§ **Brief**
Among the lines of data below, reproduce only those from the one with "The first challenge" through the one with "miniatures reproduisant les", exactly as they stand, both ends included.

§ **Material for this exercise**
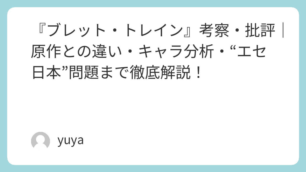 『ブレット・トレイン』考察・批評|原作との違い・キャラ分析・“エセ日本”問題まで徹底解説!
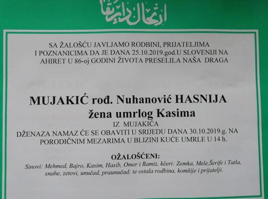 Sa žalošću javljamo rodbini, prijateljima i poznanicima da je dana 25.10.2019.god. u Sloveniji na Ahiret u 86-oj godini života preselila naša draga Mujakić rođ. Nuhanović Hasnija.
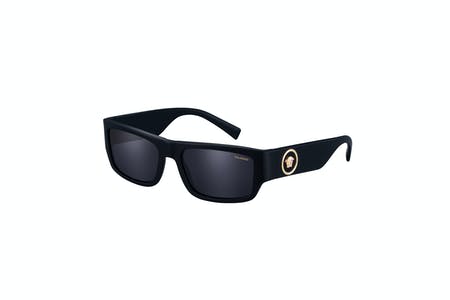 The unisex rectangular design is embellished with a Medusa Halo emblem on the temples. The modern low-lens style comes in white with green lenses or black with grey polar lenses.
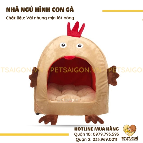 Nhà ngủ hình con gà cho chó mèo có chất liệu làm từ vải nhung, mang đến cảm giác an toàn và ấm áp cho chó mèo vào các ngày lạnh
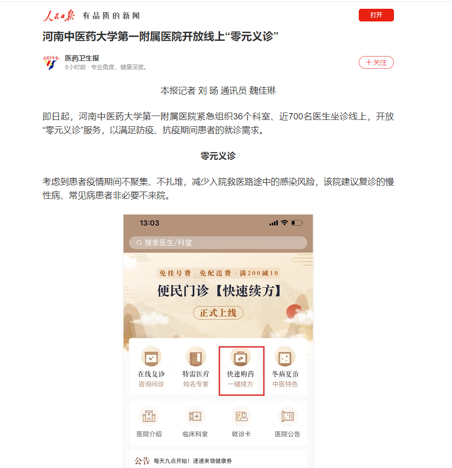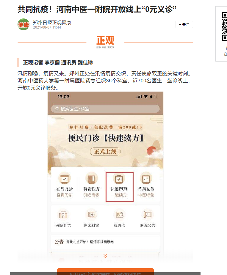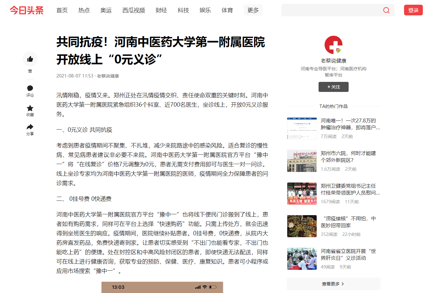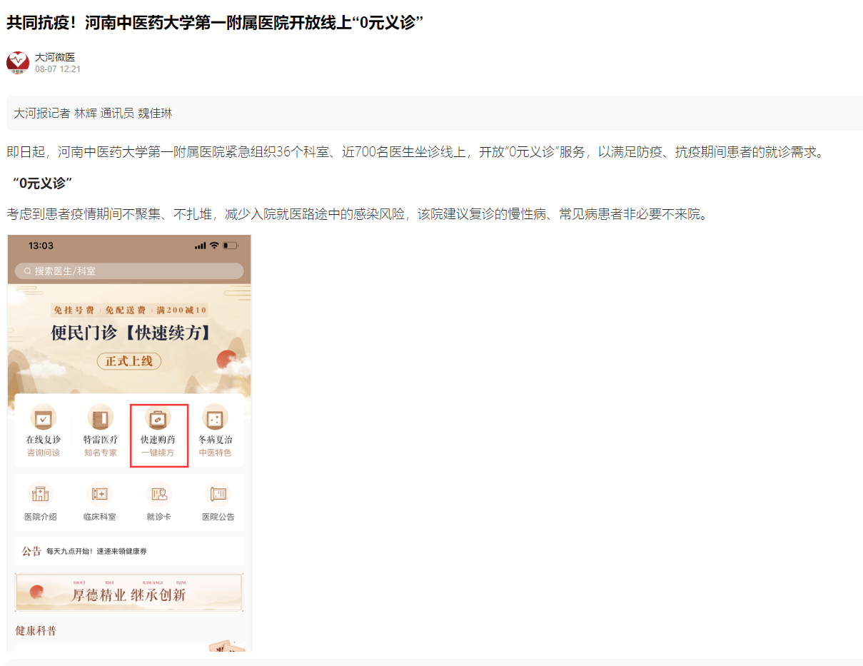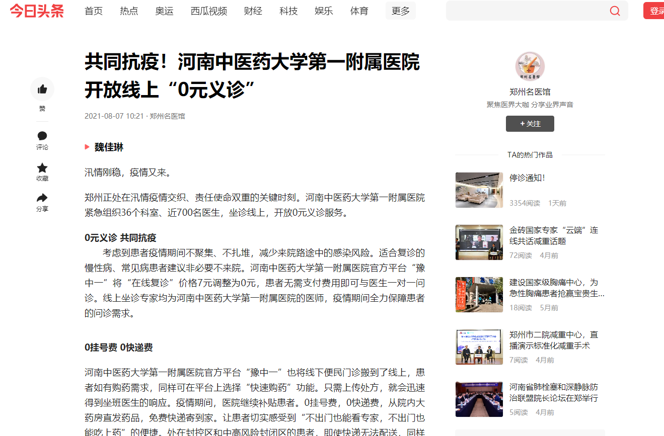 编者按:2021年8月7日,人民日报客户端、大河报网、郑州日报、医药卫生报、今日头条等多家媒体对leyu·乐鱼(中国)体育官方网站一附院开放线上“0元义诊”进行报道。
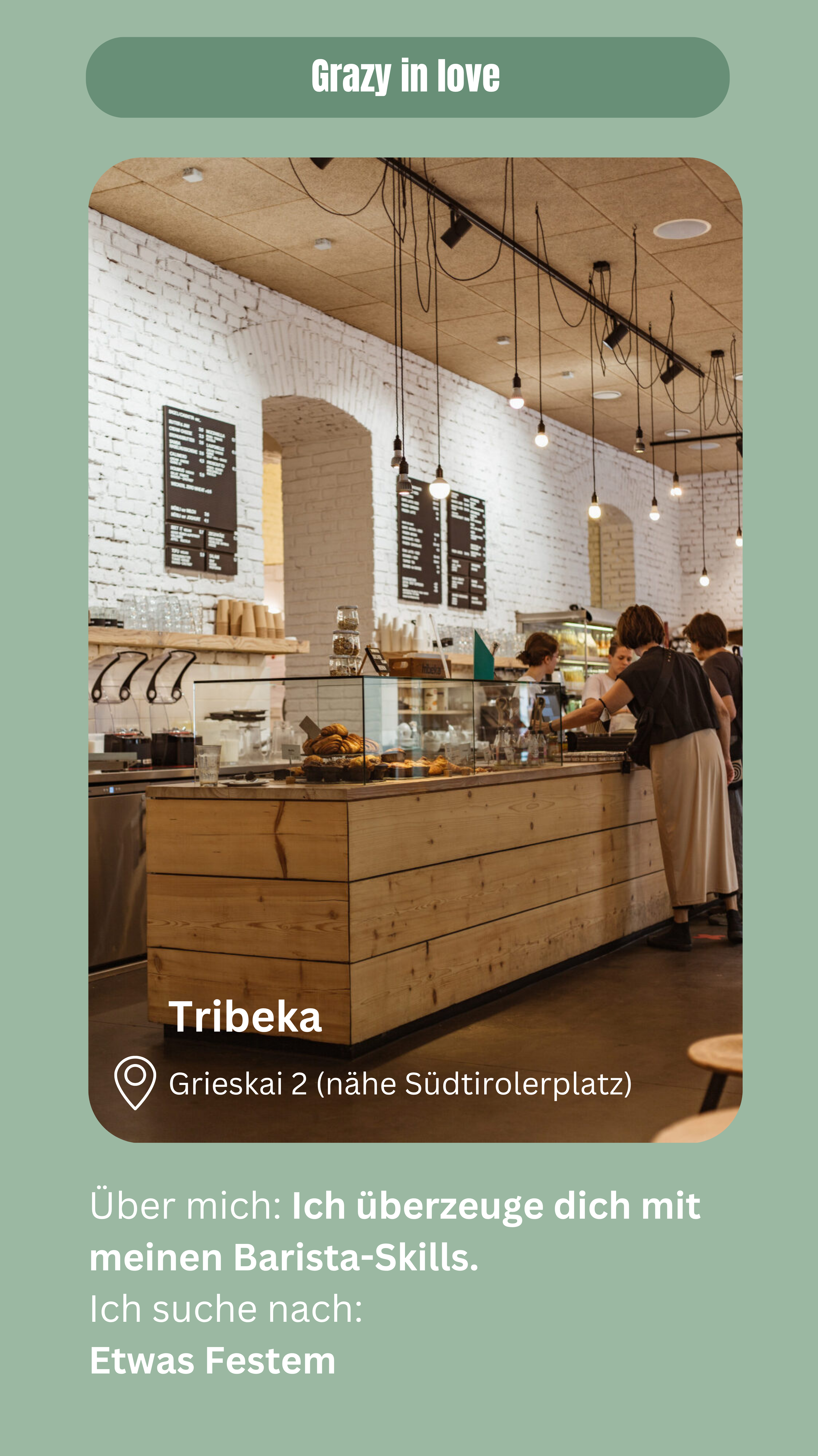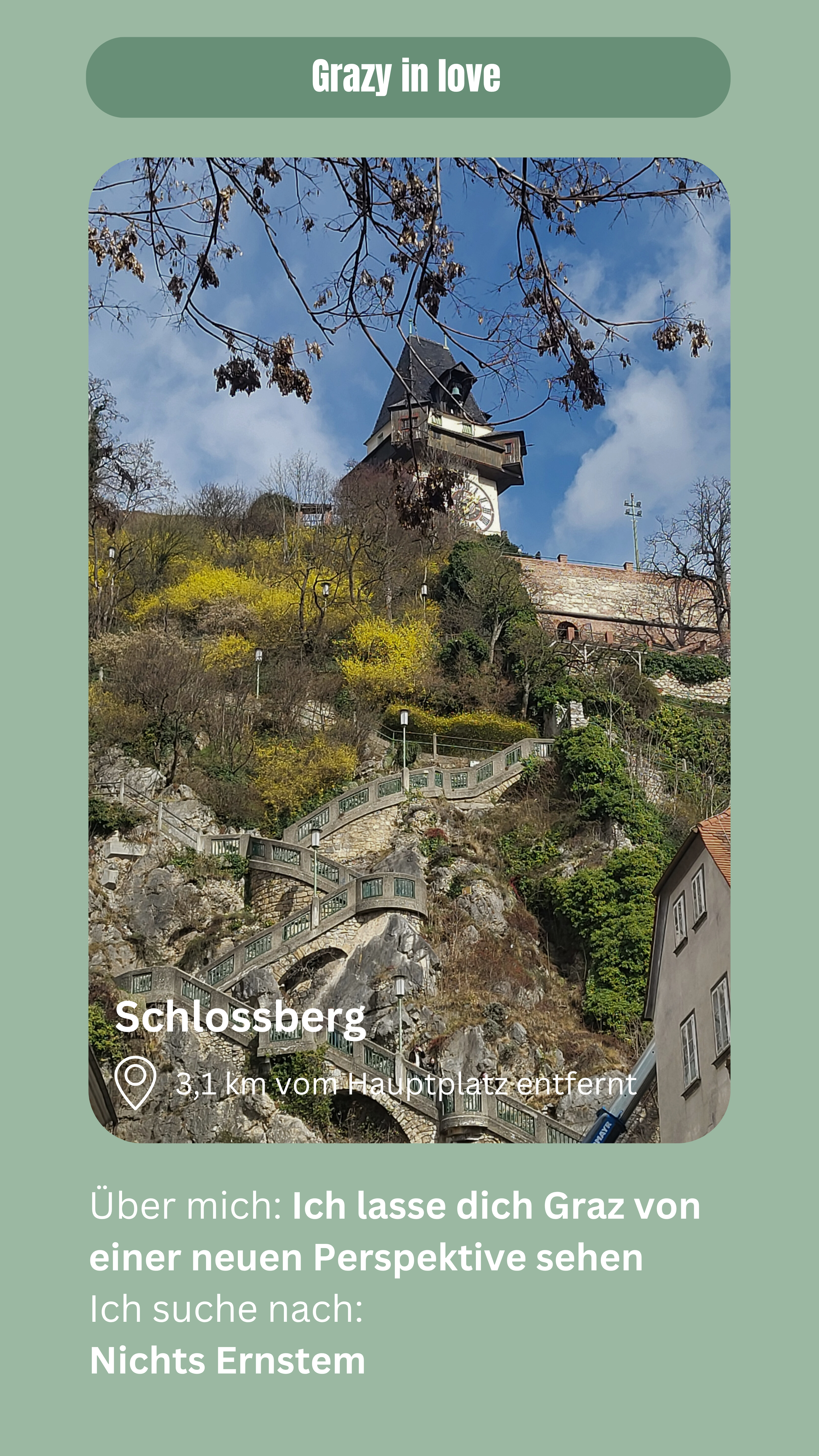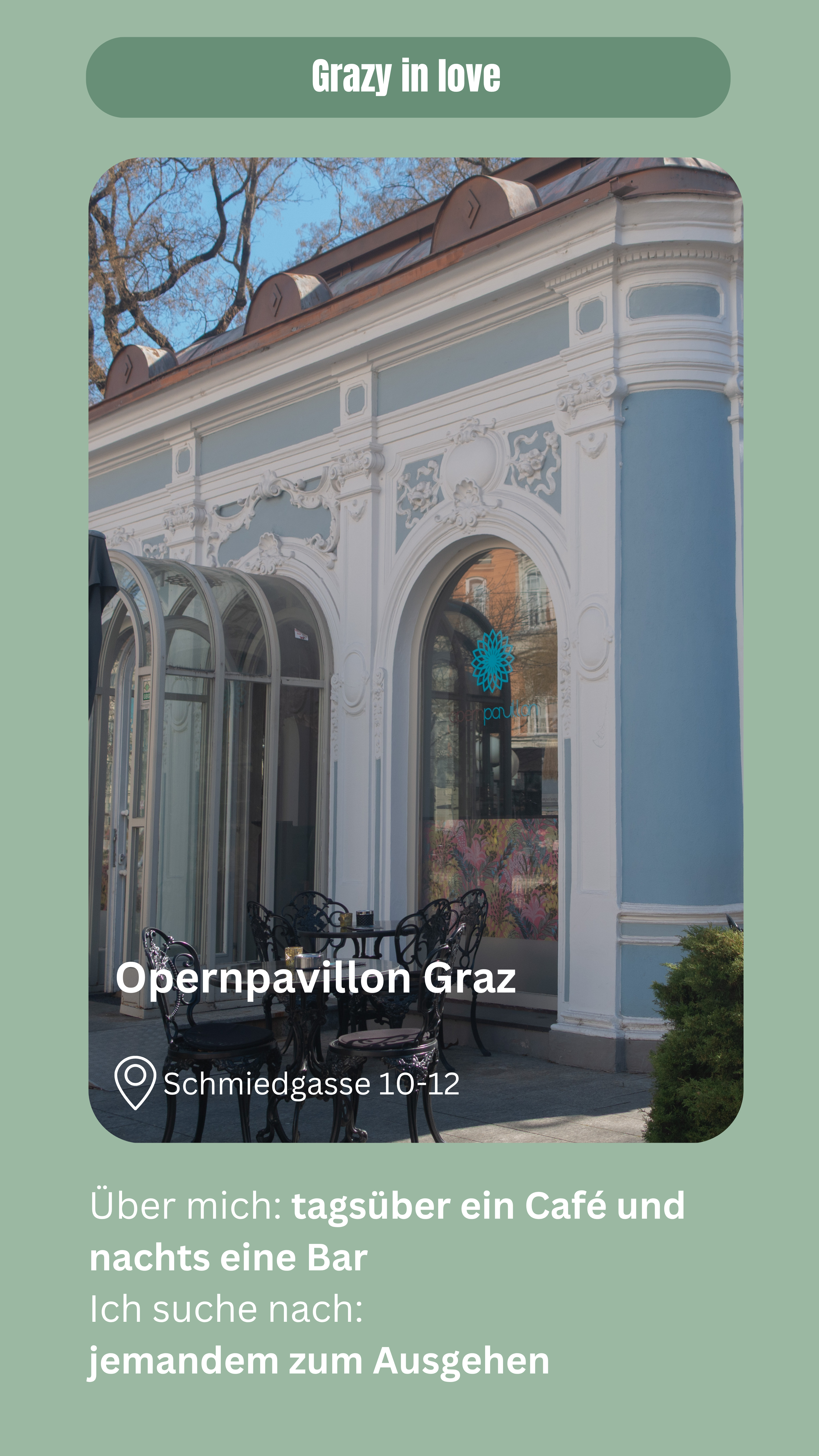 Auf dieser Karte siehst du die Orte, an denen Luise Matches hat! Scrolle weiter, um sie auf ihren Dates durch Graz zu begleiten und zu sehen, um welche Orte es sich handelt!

--

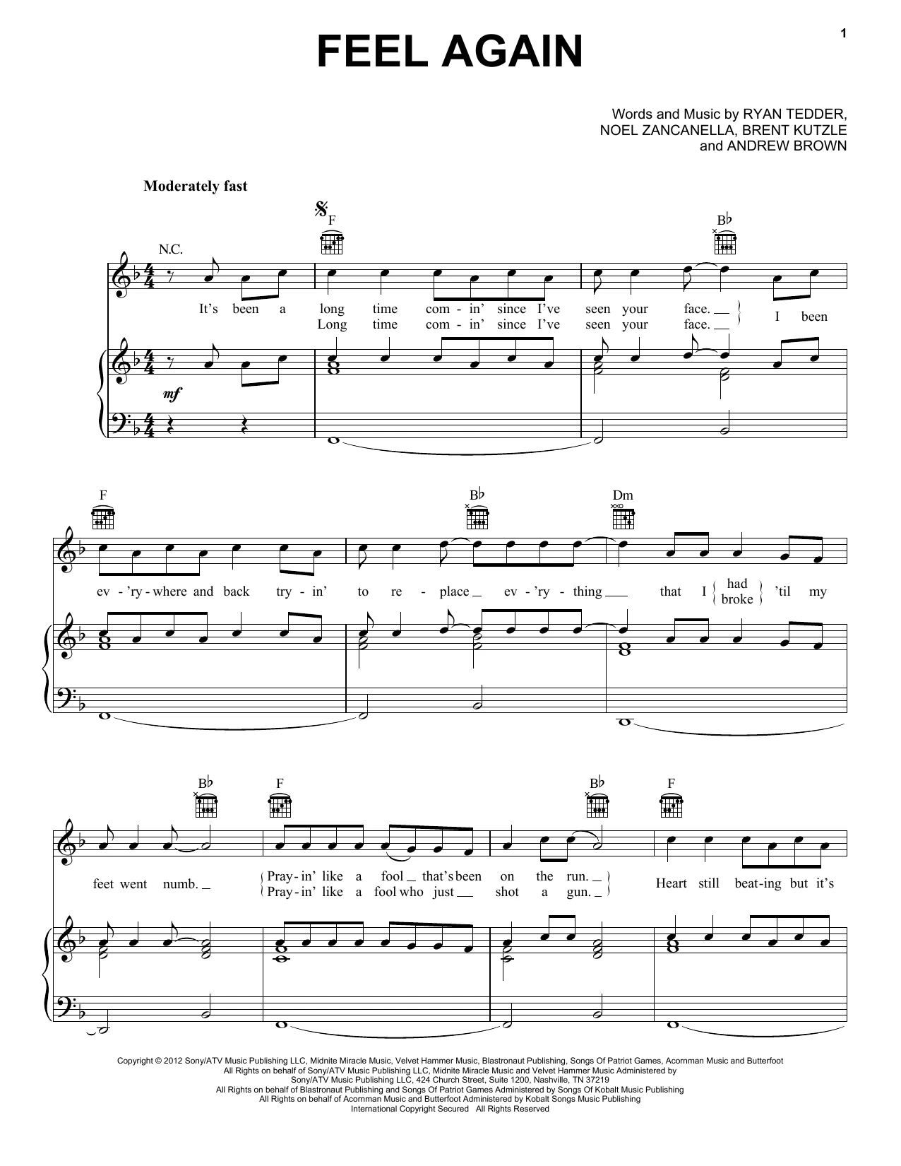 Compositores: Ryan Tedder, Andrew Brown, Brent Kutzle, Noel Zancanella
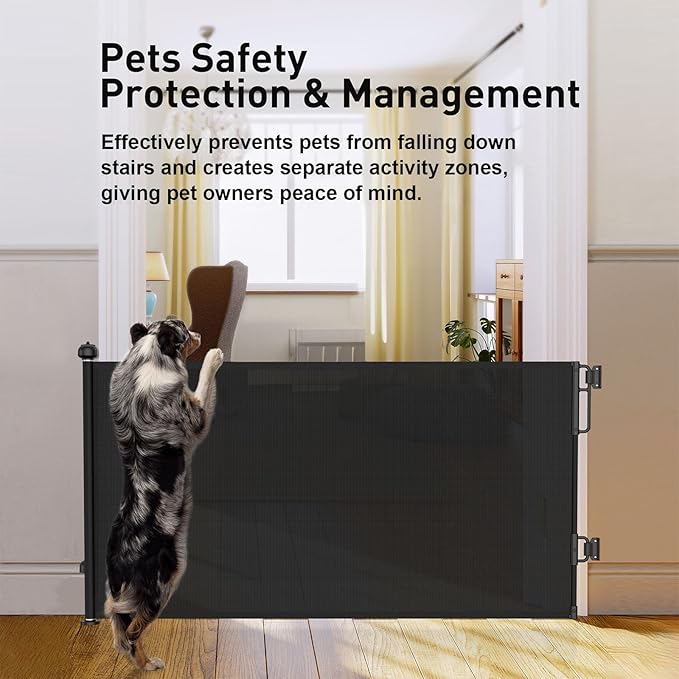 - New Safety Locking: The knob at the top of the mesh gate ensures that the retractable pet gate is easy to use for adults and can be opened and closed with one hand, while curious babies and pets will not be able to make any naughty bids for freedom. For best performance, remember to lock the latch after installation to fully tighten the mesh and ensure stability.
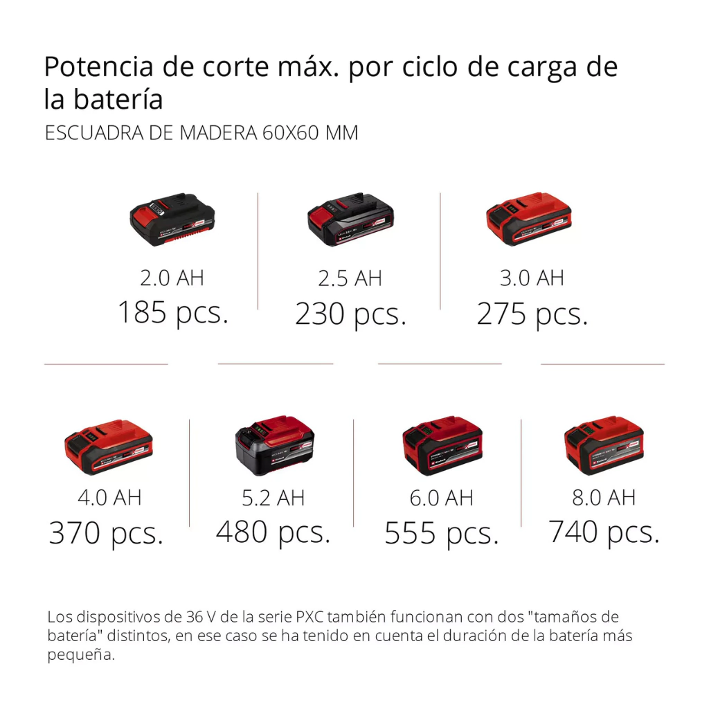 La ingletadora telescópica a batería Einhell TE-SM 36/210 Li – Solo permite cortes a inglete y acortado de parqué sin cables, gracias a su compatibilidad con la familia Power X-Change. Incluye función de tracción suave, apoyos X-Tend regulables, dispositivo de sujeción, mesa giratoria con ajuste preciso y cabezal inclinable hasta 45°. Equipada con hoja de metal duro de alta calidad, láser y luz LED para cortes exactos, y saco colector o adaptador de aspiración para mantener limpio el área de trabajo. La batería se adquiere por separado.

--

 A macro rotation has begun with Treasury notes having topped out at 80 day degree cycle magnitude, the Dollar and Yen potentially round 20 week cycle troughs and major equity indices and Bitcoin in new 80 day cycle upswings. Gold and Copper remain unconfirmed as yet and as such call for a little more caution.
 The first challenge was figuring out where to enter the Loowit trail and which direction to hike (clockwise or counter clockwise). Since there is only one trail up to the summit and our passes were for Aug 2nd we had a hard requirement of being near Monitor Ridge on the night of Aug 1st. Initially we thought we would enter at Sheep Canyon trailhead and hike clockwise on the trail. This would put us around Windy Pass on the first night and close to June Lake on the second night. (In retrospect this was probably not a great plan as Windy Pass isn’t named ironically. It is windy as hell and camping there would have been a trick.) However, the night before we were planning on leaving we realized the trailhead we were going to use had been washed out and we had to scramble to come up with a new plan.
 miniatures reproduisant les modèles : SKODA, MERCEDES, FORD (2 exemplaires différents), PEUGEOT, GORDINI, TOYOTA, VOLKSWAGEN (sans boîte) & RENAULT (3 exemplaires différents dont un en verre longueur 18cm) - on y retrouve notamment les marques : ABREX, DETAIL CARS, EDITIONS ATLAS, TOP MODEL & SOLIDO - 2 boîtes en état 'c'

§ **Expected answer**
 The first challenge was figuring out where to enter the Loowit trail and which direction to hike (clockwise or counter clockwise). Since there is only one trail up to the summit and our passes were for Aug 2nd we had a hard requirement of being near Monitor Ridge on the night of Aug 1st. Initially we thought we would enter at Sheep Canyon trailhead and hike clockwise on the trail. This would put us around Windy Pass on the first night and close to June Lake on the second night. (In retrospect this was probably not a great plan as Windy Pass isn’t named ironically. It is windy as hell and camping there would have been a trick.) However, the night before we were planning on leaving we realized the trailhead we were going to use had been washed out and we had to scramble to come up with a new plan.
 miniatures reproduisant les modèles : SKODA, MERCEDES, FORD (2 exemplaires différents), PEUGEOT, GORDINI, TOYOTA, VOLKSWAGEN (sans boîte) & RENAULT (3 exemplaires différents dont un en verre longueur 18cm) - on y retrouve notamment les marques : ABREX, DETAIL CARS, EDITIONS ATLAS, TOP MODEL & SOLIDO - 2 boîtes en état 'c'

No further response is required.